Data section Block Start
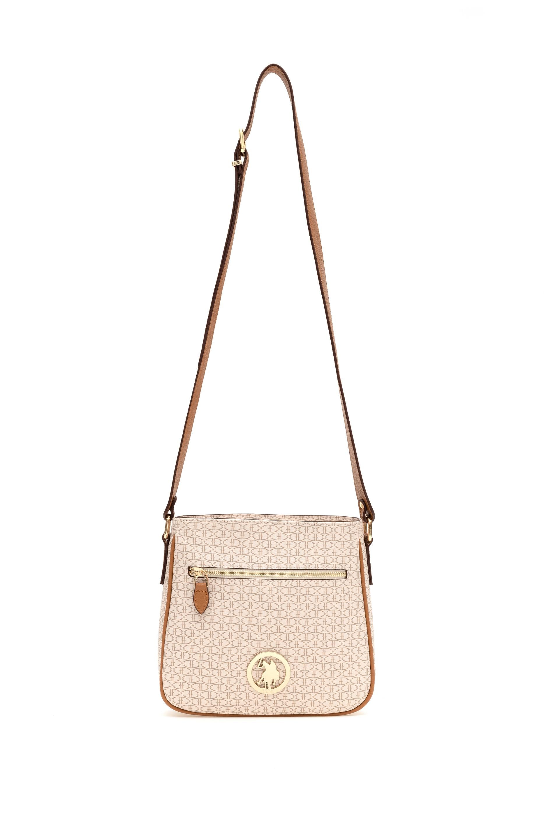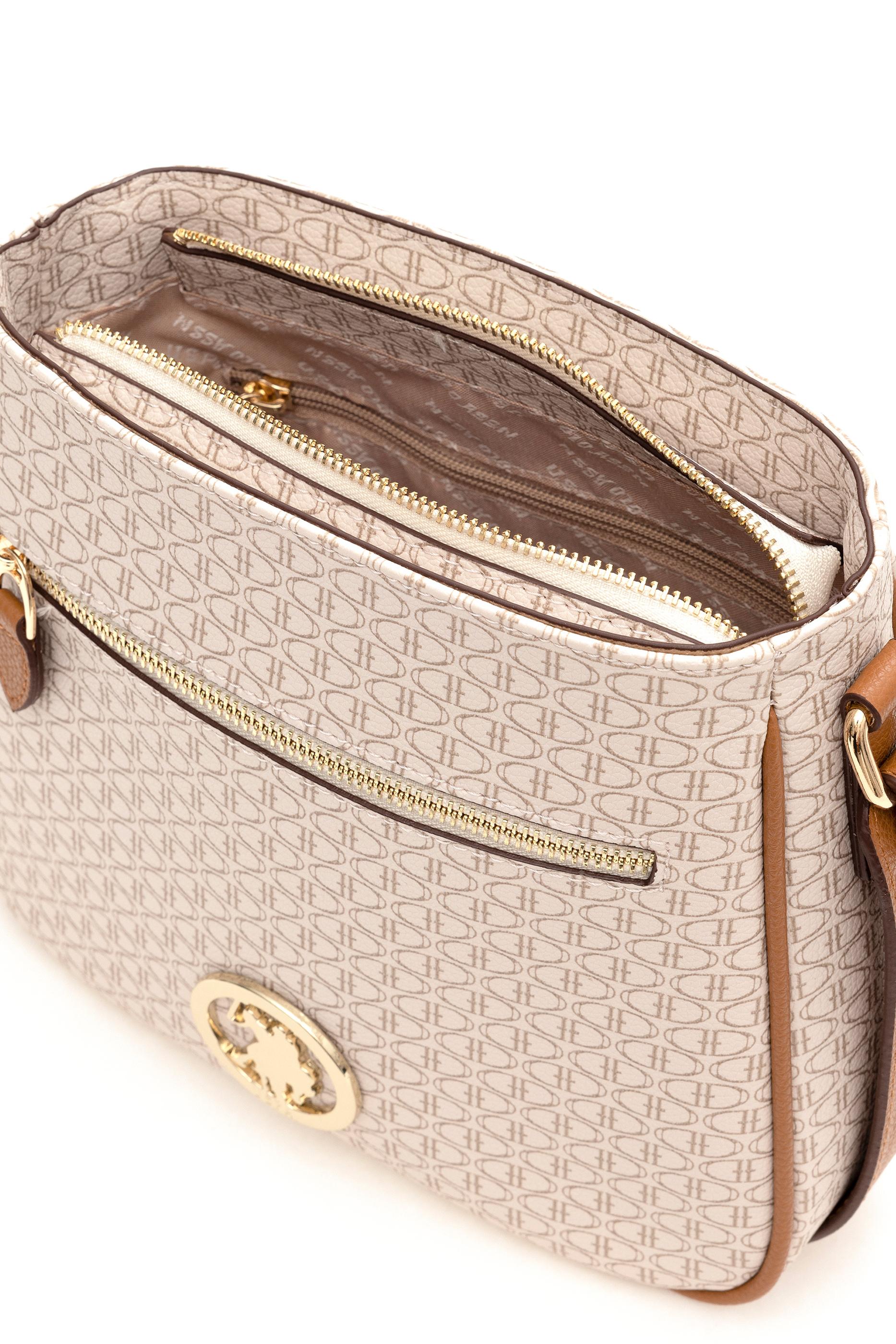 U.S. Polo Assn. bej çapraz çanta, kompakt yapısı ve hafif tasarımıyla günlük kullanımda pratiklik sunar. Tüm yüzeyi markaya özgü küçük desenlerle kaplıdır; ön kısmında altın renkli yuvarlak metal logo ve fermuarlı bir dış cep yer alır. İç bölmesi fermuarlı kapamalıdır. Ayarlanabilir omuz askısı sayesinde vücuda göre ayarlanabilir ve rahatça taşınabilir. Kahverenginin sıcak tonlarıyla sade ve şık bir görünüm sunan model, işlevsel yapısıyla her stile uyum sağlar.
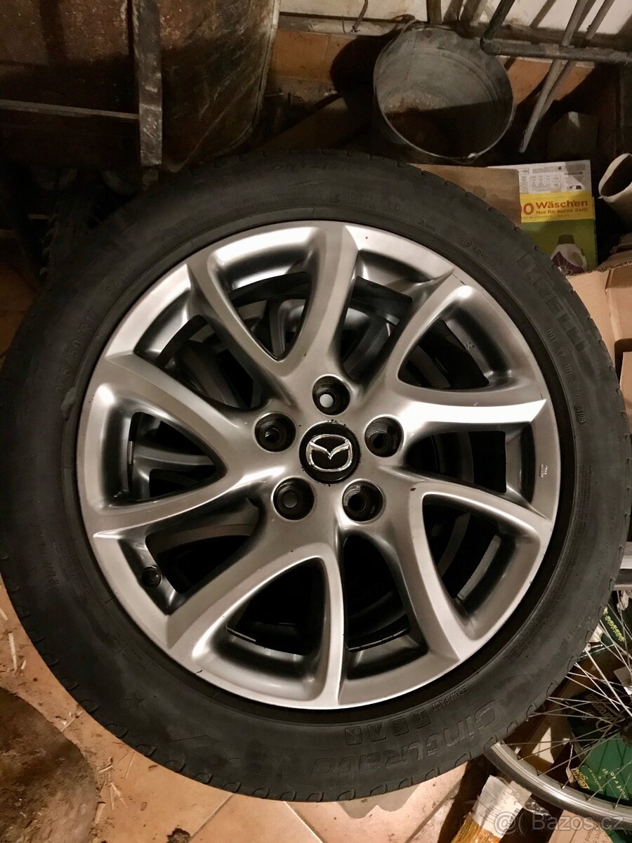 Prodám alu kola originál Mazda 225/45 R17. Hezký stav. Obuto na nových letních pneumatikách Barum Bravuris.
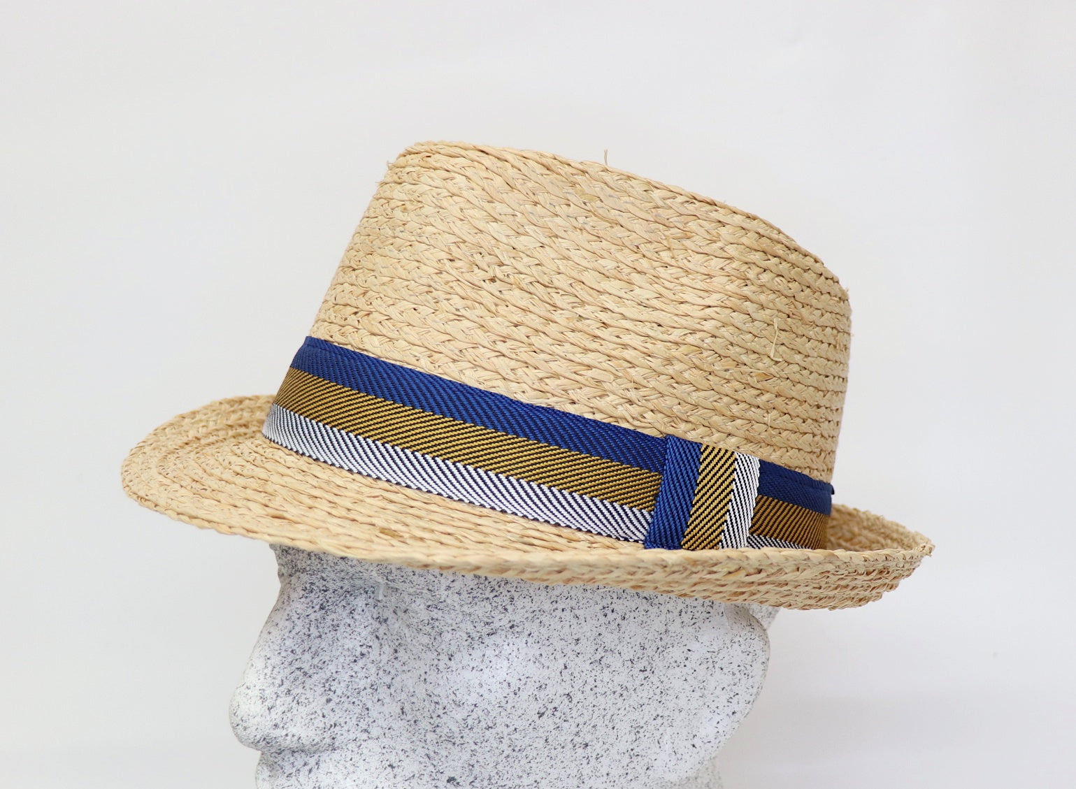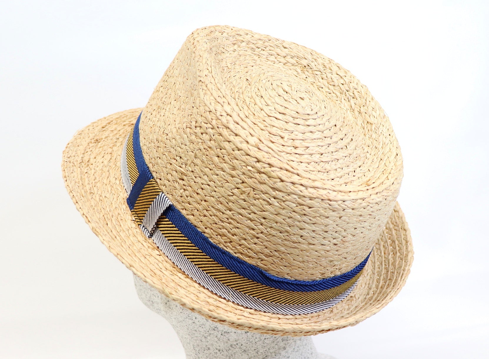 kleiner modischer Herrenstrohhut aus Raffia - Bortenstroh
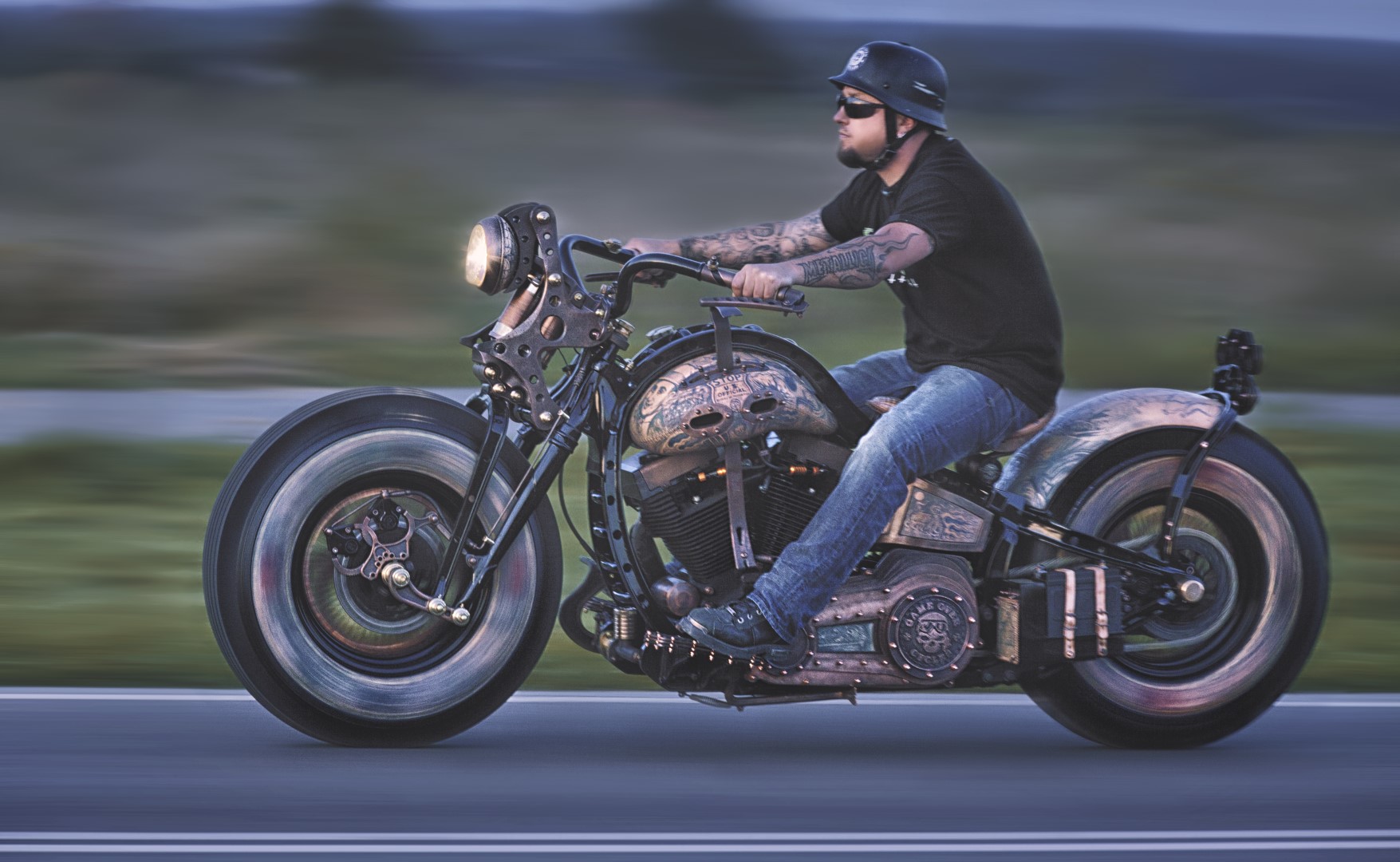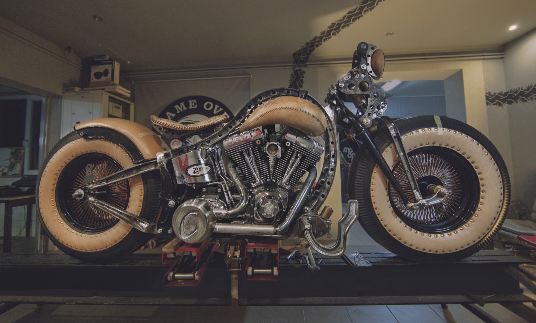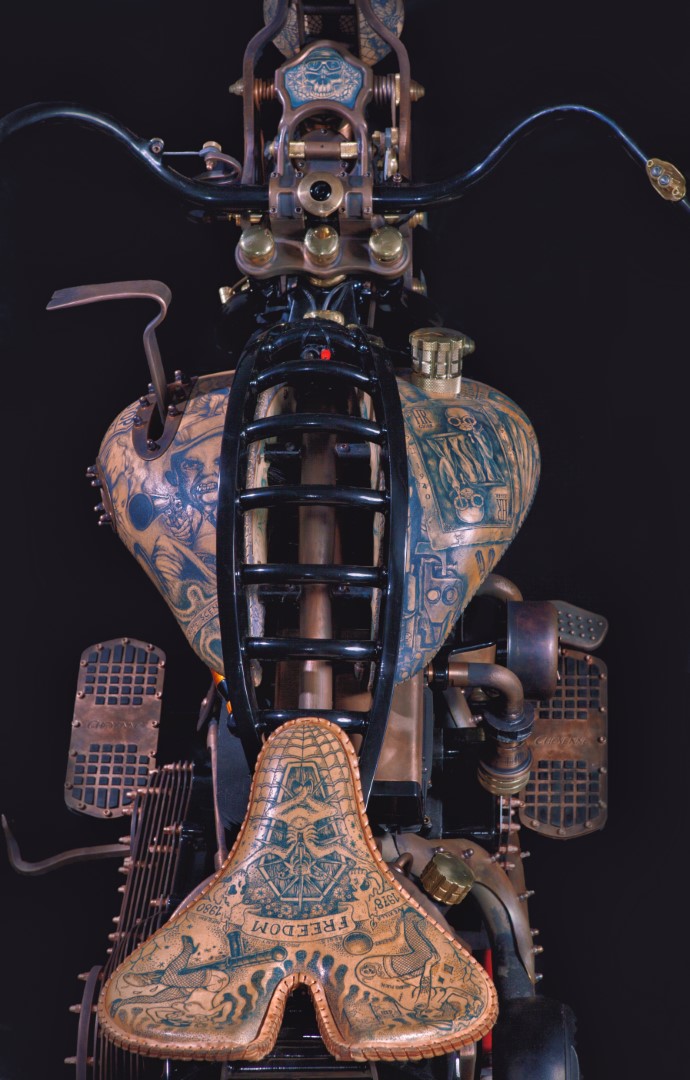 In short, this is a wonderful work of art. It’s interesting and different. Even if you don’t like it you have to acknowledge the craftsmanship and the time and effort that went into making the bike. According to Game Over Cycles, more than 3,000 hours went into the construction of the bike. Another 2,500 hours went into tattooing the leather on the creation.
Data section Block End
§ The task
Only the lines above from the one containing "Prodám alu kola" through the one containing "kleiner modischer Herrenstrohhut" should be returned, verbatim and inclusive, with pictures excluded.

§ Answer section
 Prodám alu kola originál Mazda 225/45 R17. Hezký stav. Obuto na nových letních pneumatikách Barum Bravuris.
 kleiner modischer Herrenstrohhut aus Raffia - Bortenstroh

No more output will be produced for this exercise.